→ Data shown:
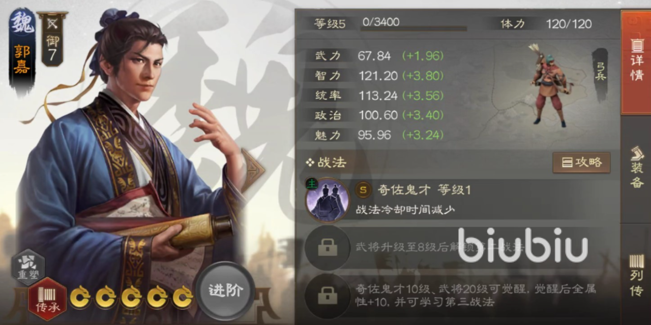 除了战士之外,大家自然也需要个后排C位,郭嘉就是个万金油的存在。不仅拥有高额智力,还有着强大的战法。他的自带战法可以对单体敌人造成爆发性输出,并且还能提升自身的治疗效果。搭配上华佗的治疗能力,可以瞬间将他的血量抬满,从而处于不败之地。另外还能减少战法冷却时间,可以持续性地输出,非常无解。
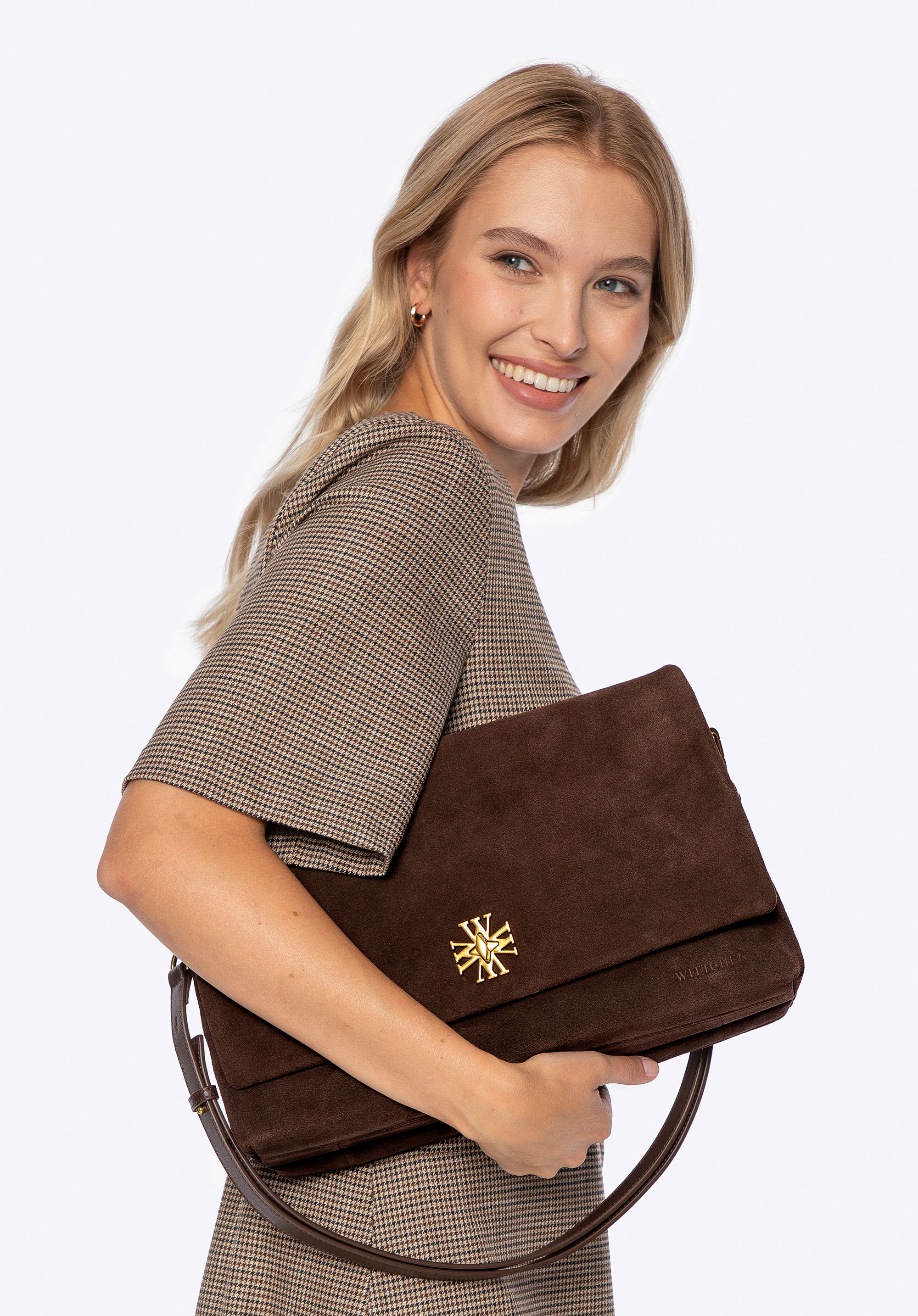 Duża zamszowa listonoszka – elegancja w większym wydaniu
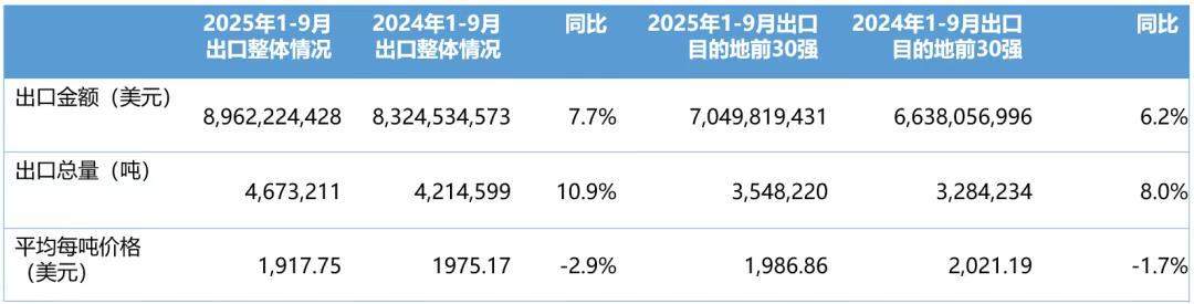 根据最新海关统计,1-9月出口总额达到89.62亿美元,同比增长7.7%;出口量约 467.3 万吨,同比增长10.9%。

→ Exercise instructions: Only what runs from the line with "Duża zamszowa listonoszka" through the last line of the listing above belongs in the answer, set down exactly and free of pictures.

→ Written response:
 Duża zamszowa listonoszka – elegancja w większym wydaniu
 根据最新海关统计,1-9月出口总额达到89.62亿美元,同比增长7.7%;出口量约 467.3 万吨,同比增长10.9%。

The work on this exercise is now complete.